**Description of the task**
Wherever a picture sits, omit it. Output the rest of the listing exactly.

**The data**
____________
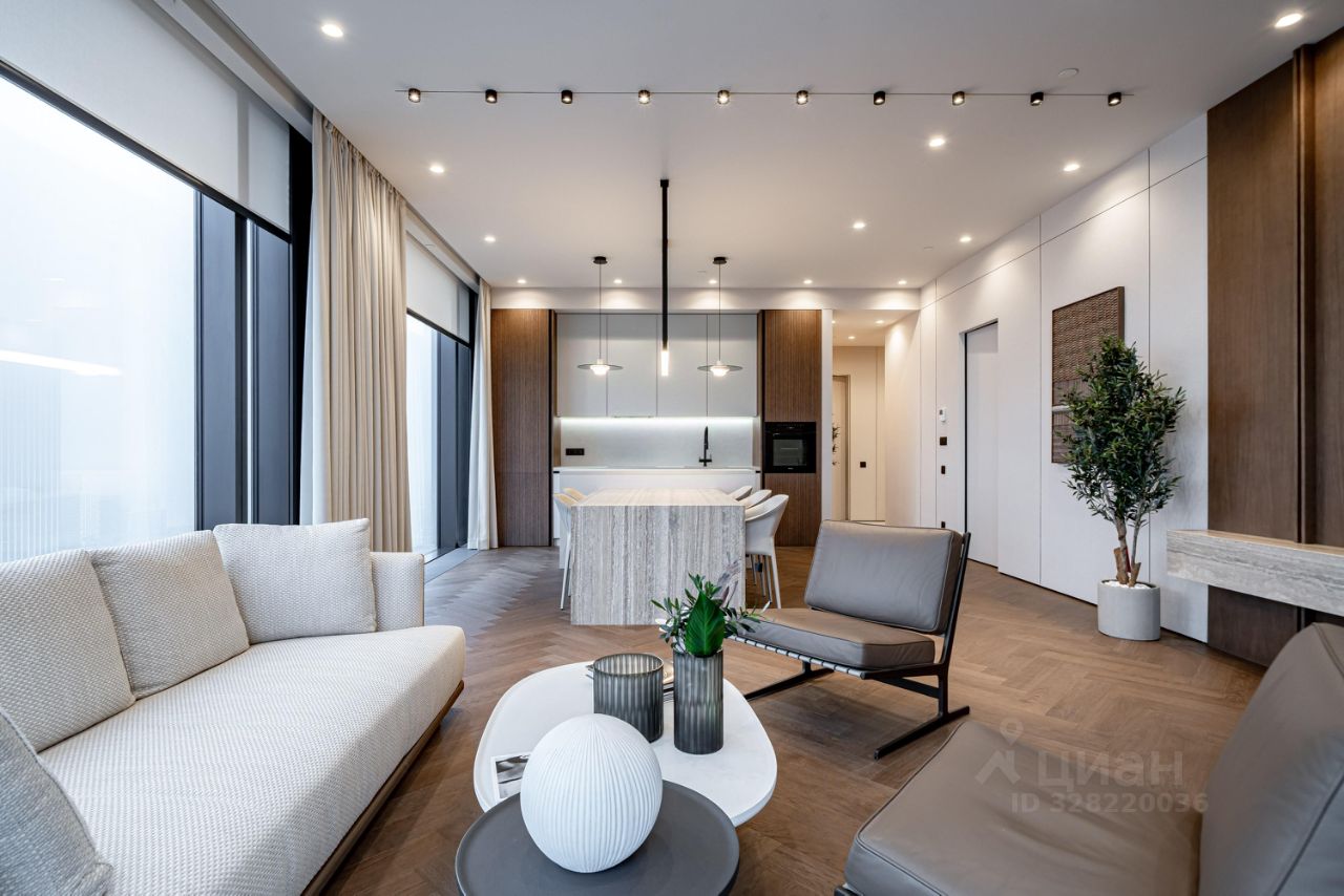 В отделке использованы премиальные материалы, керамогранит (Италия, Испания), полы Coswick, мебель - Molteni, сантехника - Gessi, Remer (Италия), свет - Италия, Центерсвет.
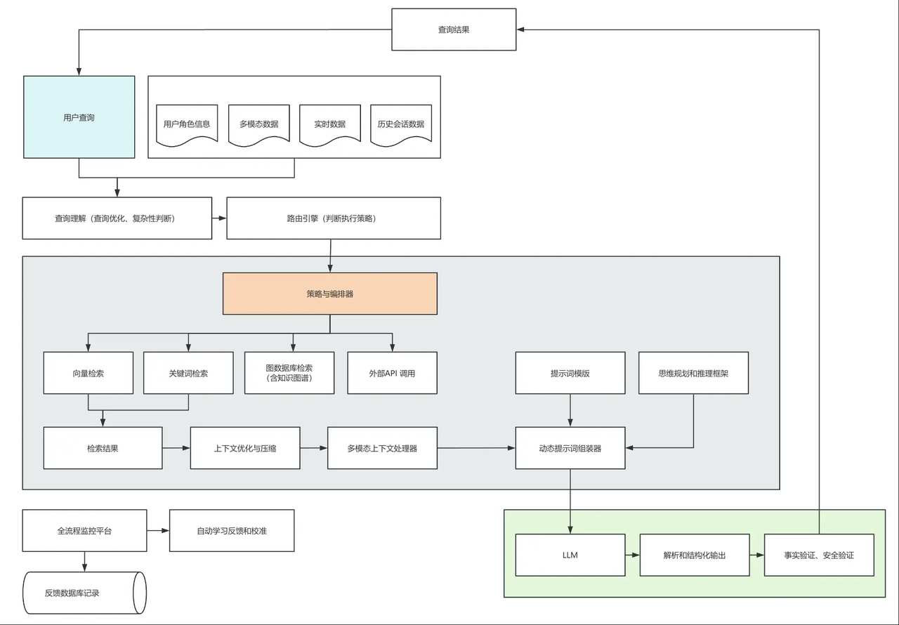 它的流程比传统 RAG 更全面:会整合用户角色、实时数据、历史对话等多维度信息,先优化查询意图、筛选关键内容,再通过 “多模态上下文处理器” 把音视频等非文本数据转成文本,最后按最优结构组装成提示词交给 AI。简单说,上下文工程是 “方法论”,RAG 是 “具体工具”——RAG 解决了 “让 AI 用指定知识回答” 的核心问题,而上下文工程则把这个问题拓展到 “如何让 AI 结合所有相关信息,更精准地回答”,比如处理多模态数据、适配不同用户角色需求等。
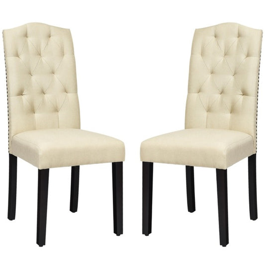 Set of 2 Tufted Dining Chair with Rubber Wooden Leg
____________
**Exercise answer**
 В отделке использованы премиальные материалы, керамогранит (Италия, Испания), полы Coswick, мебель - Molteni, сантехника - Gessi, Remer (Италия), свет - Италия, Центерсвет.
 它的流程比传统 RAG 更全面:会整合用户角色、实时数据、历史对话等多维度信息,先优化查询意图、筛选关键内容,再通过 “多模态上下文处理器” 把音视频等非文本数据转成文本,最后按最优结构组装成提示词交给 AI。简单说,上下文工程是 “方法论”,RAG 是 “具体工具”——RAG 解决了 “让 AI 用指定知识回答” 的核心问题,而上下文工程则把这个问题拓展到 “如何让 AI 结合所有相关信息,更精准地回答”,比如处理多模态数据、适配不同用户角色需求等。
 Set of 2 Tufted Dining Chair with Rubber Wooden Leg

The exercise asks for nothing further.